Here are records with pictures in them. Copy all of them exactly and leave the pictures out.
+++ RECORDS TO PROCESS
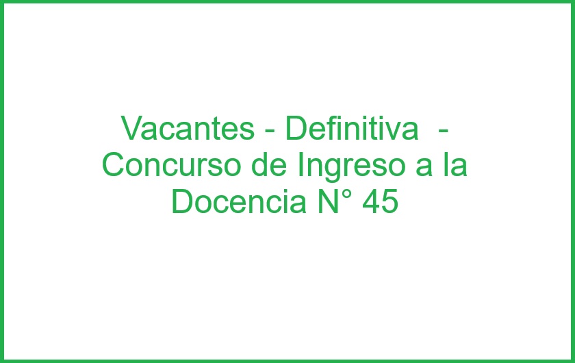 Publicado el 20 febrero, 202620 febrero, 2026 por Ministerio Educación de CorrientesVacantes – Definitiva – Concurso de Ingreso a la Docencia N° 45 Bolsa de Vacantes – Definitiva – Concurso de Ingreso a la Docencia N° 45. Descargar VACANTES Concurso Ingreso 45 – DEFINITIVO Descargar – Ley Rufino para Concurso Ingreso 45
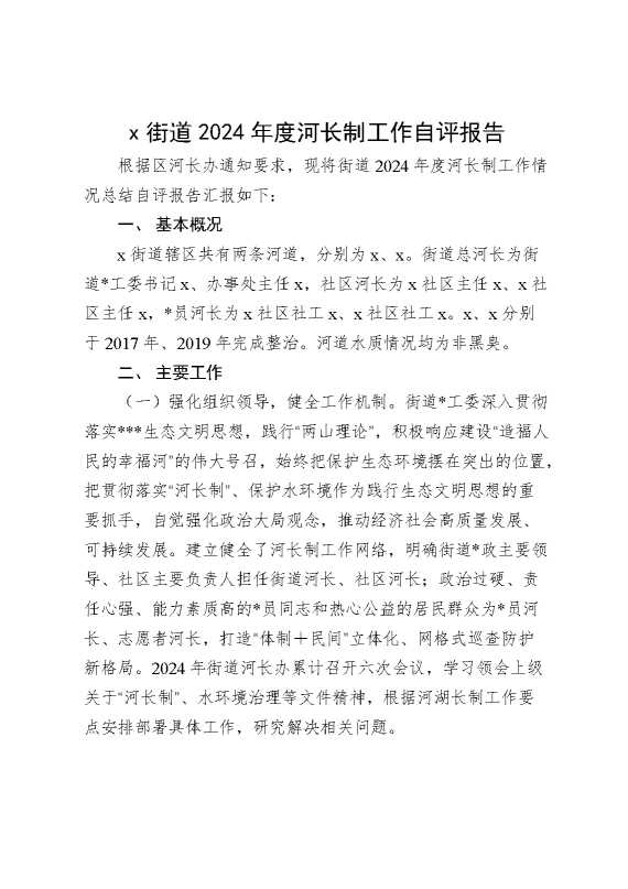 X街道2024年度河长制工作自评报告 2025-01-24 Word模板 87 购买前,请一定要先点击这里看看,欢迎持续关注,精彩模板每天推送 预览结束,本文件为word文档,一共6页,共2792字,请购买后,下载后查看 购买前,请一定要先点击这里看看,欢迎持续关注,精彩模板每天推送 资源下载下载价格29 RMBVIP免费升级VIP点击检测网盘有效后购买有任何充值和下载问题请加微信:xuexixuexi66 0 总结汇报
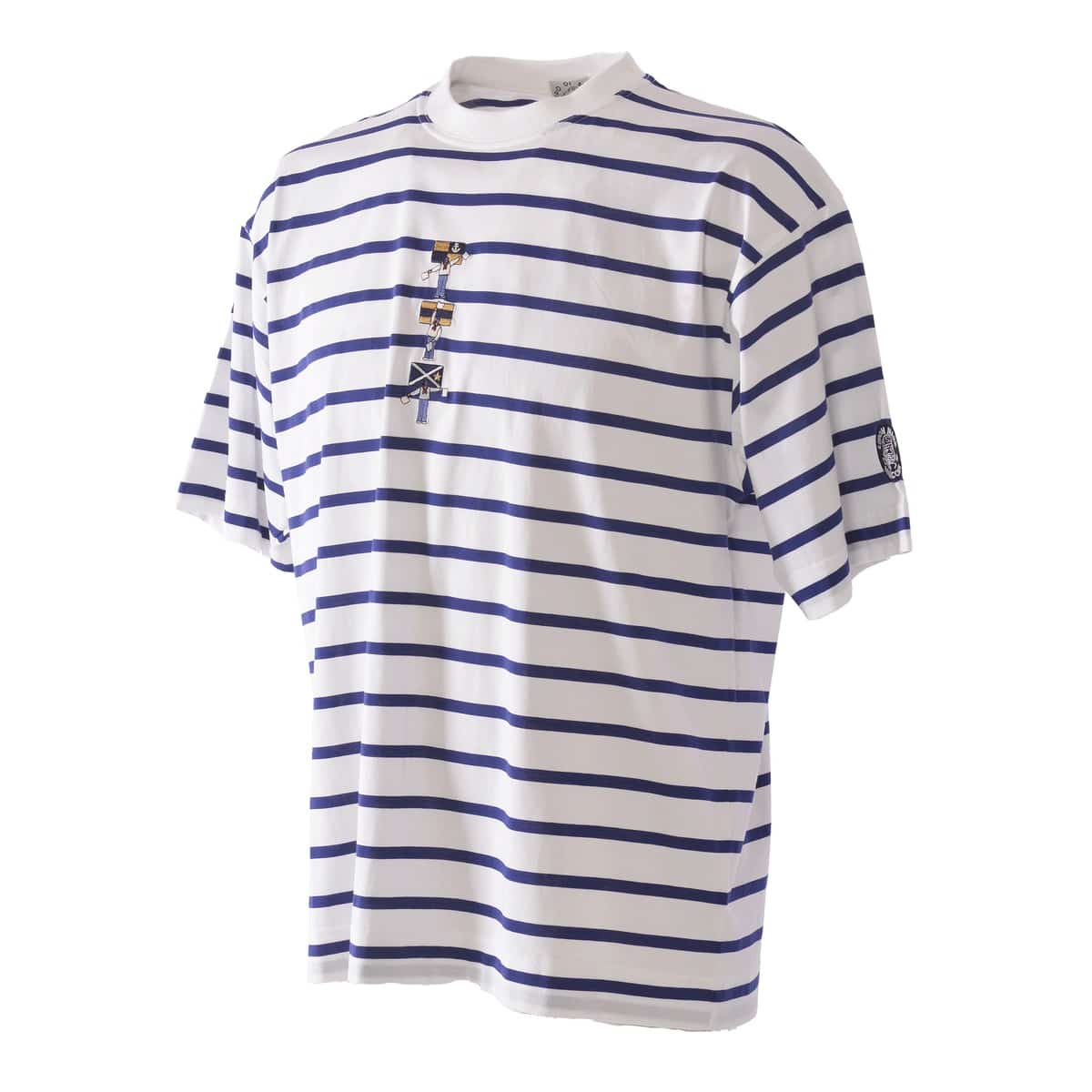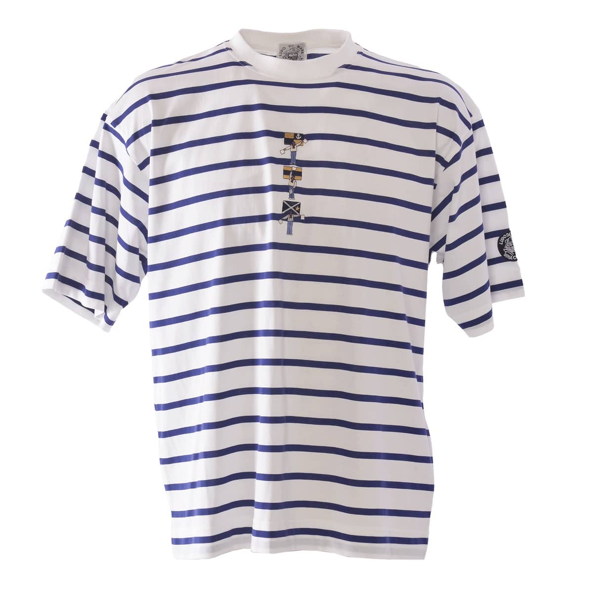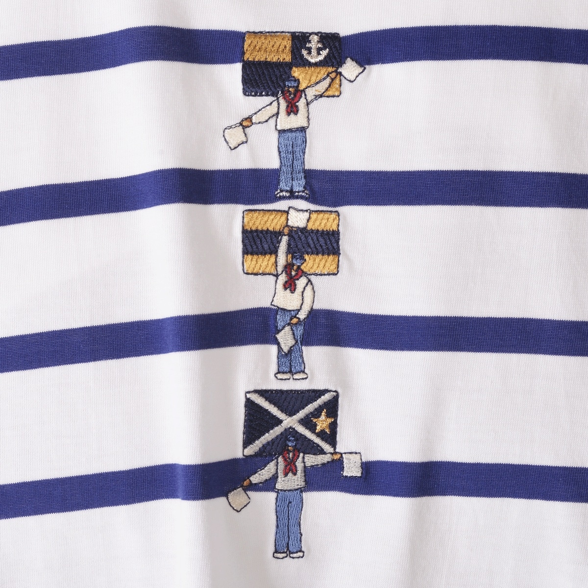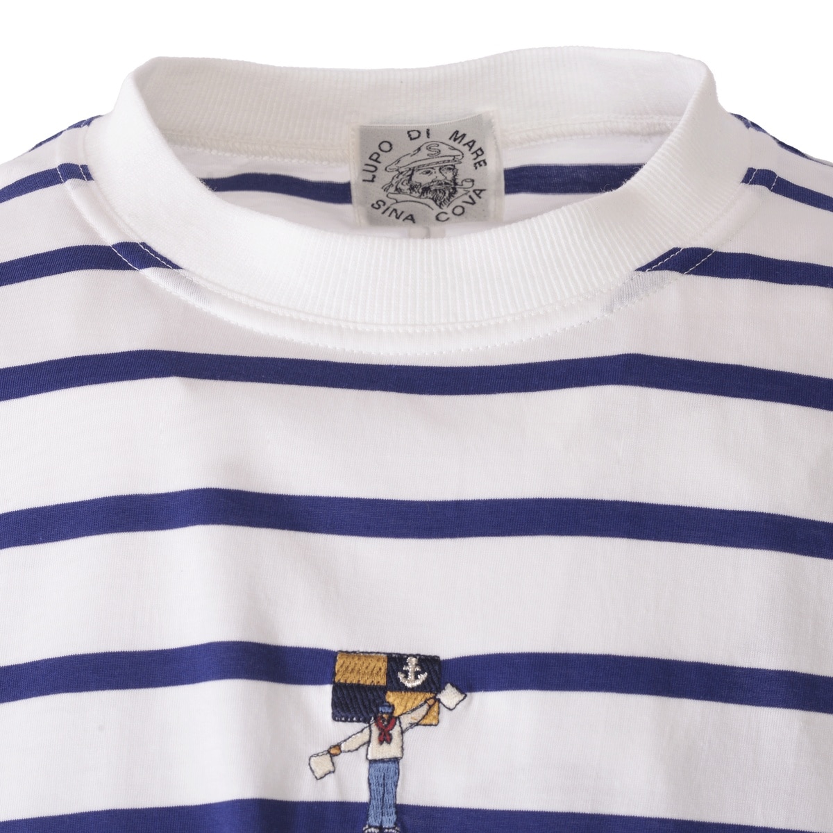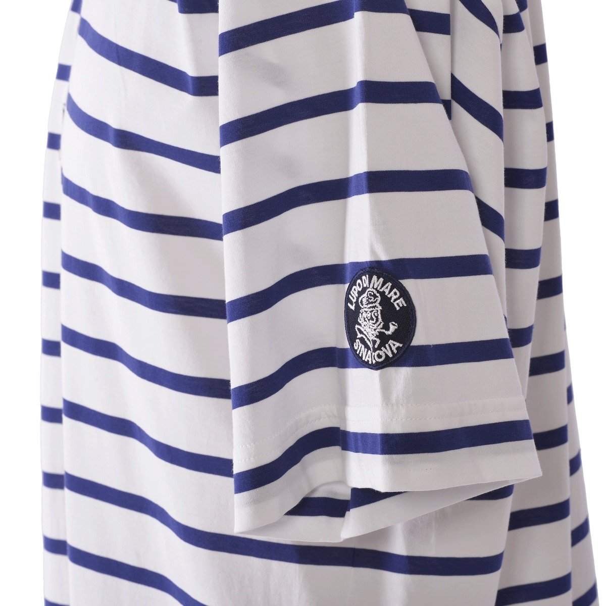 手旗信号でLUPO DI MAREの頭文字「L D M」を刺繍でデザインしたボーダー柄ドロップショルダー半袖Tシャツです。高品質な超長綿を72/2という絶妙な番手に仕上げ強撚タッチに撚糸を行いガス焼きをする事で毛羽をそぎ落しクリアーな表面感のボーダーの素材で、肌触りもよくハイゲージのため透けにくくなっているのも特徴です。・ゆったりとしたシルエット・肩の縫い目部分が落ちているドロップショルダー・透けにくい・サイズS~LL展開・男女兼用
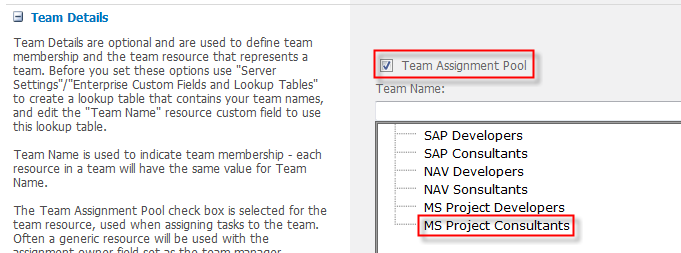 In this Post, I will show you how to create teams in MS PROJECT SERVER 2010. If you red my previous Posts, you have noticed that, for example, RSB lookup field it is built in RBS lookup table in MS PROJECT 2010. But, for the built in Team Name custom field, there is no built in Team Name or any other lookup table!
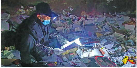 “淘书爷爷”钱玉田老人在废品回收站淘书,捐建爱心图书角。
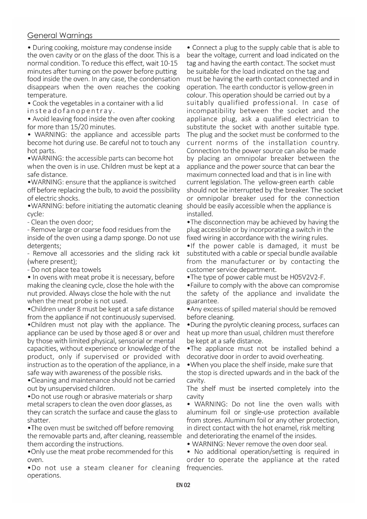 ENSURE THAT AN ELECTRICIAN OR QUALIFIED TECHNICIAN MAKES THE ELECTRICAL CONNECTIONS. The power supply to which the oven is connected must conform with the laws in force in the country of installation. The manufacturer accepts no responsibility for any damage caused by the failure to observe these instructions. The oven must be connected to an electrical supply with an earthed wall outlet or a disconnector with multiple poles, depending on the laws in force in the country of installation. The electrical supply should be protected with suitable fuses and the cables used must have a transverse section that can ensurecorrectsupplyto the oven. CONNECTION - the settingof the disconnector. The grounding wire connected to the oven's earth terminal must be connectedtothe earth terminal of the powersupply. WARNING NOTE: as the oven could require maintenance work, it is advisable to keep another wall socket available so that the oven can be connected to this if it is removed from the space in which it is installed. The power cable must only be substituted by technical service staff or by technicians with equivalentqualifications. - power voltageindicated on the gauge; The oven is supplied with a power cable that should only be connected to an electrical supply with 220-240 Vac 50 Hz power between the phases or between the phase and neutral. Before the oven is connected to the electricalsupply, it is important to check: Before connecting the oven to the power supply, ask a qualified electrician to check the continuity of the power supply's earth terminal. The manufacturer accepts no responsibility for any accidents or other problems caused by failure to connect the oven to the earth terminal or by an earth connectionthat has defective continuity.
++++++
### SOLUTION TO THE PROBLEM
 Publicado el 20 febrero, 202620 febrero, 2026 por Ministerio Educación de CorrientesVacantes – Definitiva – Concurso de Ingreso a la Docencia N° 45 Bolsa de Vacantes – Definitiva – Concurso de Ingreso a la Docencia N° 45. Descargar VACANTES Concurso Ingreso 45 – DEFINITIVO Descargar – Ley Rufino para Concurso Ingreso 45
 X街道2024年度河长制工作自评报告 2025-01-24 Word模板 87 购买前,请一定要先点击这里看看,欢迎持续关注,精彩模板每天推送 预览结束,本文件为word文档,一共6页,共2792字,请购买后,下载后查看 购买前,请一定要先点击这里看看,欢迎持续关注,精彩模板每天推送 资源下载下载价格29 RMBVIP免费升级VIP点击检测网盘有效后购买有任何充值和下载问题请加微信:xuexixuexi66 0 总结汇报
 手旗信号でLUPO DI MAREの頭文字「L D M」を刺繍でデザインしたボーダー柄ドロップショルダー半袖Tシャツです。高品質な超長綿を72/2という絶妙な番手に仕上げ強撚タッチに撚糸を行いガス焼きをする事で毛羽をそぎ落しクリアーな表面感のボーダーの素材で、肌触りもよくハイゲージのため透けにくくなっているのも特徴です。・ゆったりとしたシルエット・肩の縫い目部分が落ちているドロップショルダー・透けにくい・サイズS~LL展開・男女兼用
 In this Post, I will show you how to create teams in MS PROJECT SERVER 2010. If you red my previous Posts, you have noticed that, for example, RSB lookup field it is built in RBS lookup table in MS PROJECT 2010. But, for the built in Team Name custom field, there is no built in Team Name or any other lookup table!
 “淘书爷爷”钱玉田老人在废品回收站淘书,捐建爱心图书角。
 ENSURE THAT AN ELECTRICIAN OR QUALIFIED TECHNICIAN MAKES THE ELECTRICAL CONNECTIONS. The power supply to which the oven is connected must conform with the laws in force in the country of installation. The manufacturer accepts no responsibility for any damage caused by the failure to observe these instructions. The oven must be connected to an electrical supply with an earthed wall outlet or a disconnector with multiple poles, depending on the laws in force in the country of installation. The electrical supply should be protected with suitable fuses and the cables used must have a transverse section that can ensurecorrectsupplyto the oven. CONNECTION - the settingof the disconnector. The grounding wire connected to the oven's earth terminal must be connectedtothe earth terminal of the powersupply. WARNING NOTE: as the oven could require maintenance work, it is advisable to keep another wall socket available so that the oven can be connected to this if it is removed from the space in which it is installed. The power cable must only be substituted by technical service staff or by technicians with equivalentqualifications. - power voltageindicated on the gauge; The oven is supplied with a power cable that should only be connected to an electrical supply with 220-240 Vac 50 Hz power between the phases or between the phase and neutral. Before the oven is connected to the electricalsupply, it is important to check: Before connecting the oven to the power supply, ask a qualified electrician to check the continuity of the power supply's earth terminal. The manufacturer accepts no responsibility for any accidents or other problems caused by failure to connect the oven to the earth terminal or by an earth connectionthat has defective continuity.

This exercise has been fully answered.